1. Why most RAG demos don't survive production
The path from demo to production is mostly engineering discipline. Below is what we've learned shipping RAG to 30+ production deployments — the patterns that work, the ones that don't, and the eval rigor that prevents regressions.
- Hallucinated citations — the LLM cites a doc that doesn't exist, or cites the wrong section of a real doc.
- Missing the obvious answer — the right doc IS in the corpus, but the retrieval ranks it 7th out of 10, and the LLM doesn't see it in the top-K passed in the prompt.
- Costs explode — every query routes to GPT-4 Turbo at 50K tokens of context, and your monthly bill goes from $200 to $14K.
- Latency degrades — embedding + retrieval + LLM = 4–8 second responses. Users abandon.
- Evals don't exist — when something regresses, no one knows. Six months in, the team realizes accuracy on common queries dropped 30% three sprints ago.
2. The production RAG stack (anatomy)
A production RAG system has six layers. Skipping any one of them creates a known failure mode.
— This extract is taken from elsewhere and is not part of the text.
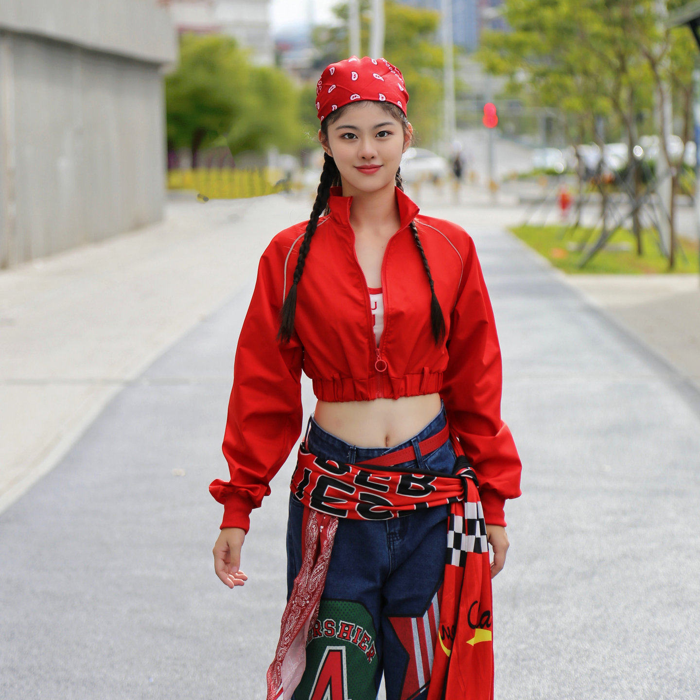 --------------------- 宽松露脐工装夹克短款外套女街舞潮爵士风格上衣嘻哈jazz跳舞服装 【原售价】85元 【现售价】74.8元 【推荐理由】

| Layer | What it does | Common failure if missing |
|---|---|---|
| Ingestion + chunking | Splits source docs into retrievable passages | Bad chunks → bad retrieval, regardless of model quality |
| Embedding | Maps chunks to vector space for similarity search | Wrong embedder for domain → low retrieval recall |
| Vector store | Stores + queries embeddings (Pinecone, Qdrant, pgvector) | Wrong index type → slow queries or low recall |
| Retrieval | Returns top-K candidates per query | Naive top-K → misses obvious answers |
| Reranking | Reorders candidates with a more powerful model | Without reranking, top-1 accuracy is 30–50% lower |
| Generation | LLM produces answer with retrieved context | Without citation discipline → hallucinated sources |
3. Chunking strategy: more important than the embedder
The biggest lever for retrieval quality isn't the embedding model — it's how you chunked the documents. Three patterns we use, in order of preference:
- 1Semantic chunking (preferred for technical content). Use a small LLM to find natural section breaks. Chunks are 200–800 tokens, ending at sentence/paragraph boundaries. Each chunk is self-contained — readable in isolation. Tools: LlamaIndex's SentenceSplitter with semantic_chunker, or LangChain's RecursiveCharacterTextSplitter with proper separators.
- 2Sliding window with overlap (default for unstructured prose). 512-token chunks with 64-token overlap. Overlap prevents losing context at boundaries. Works for blog posts, articles, long-form documentation.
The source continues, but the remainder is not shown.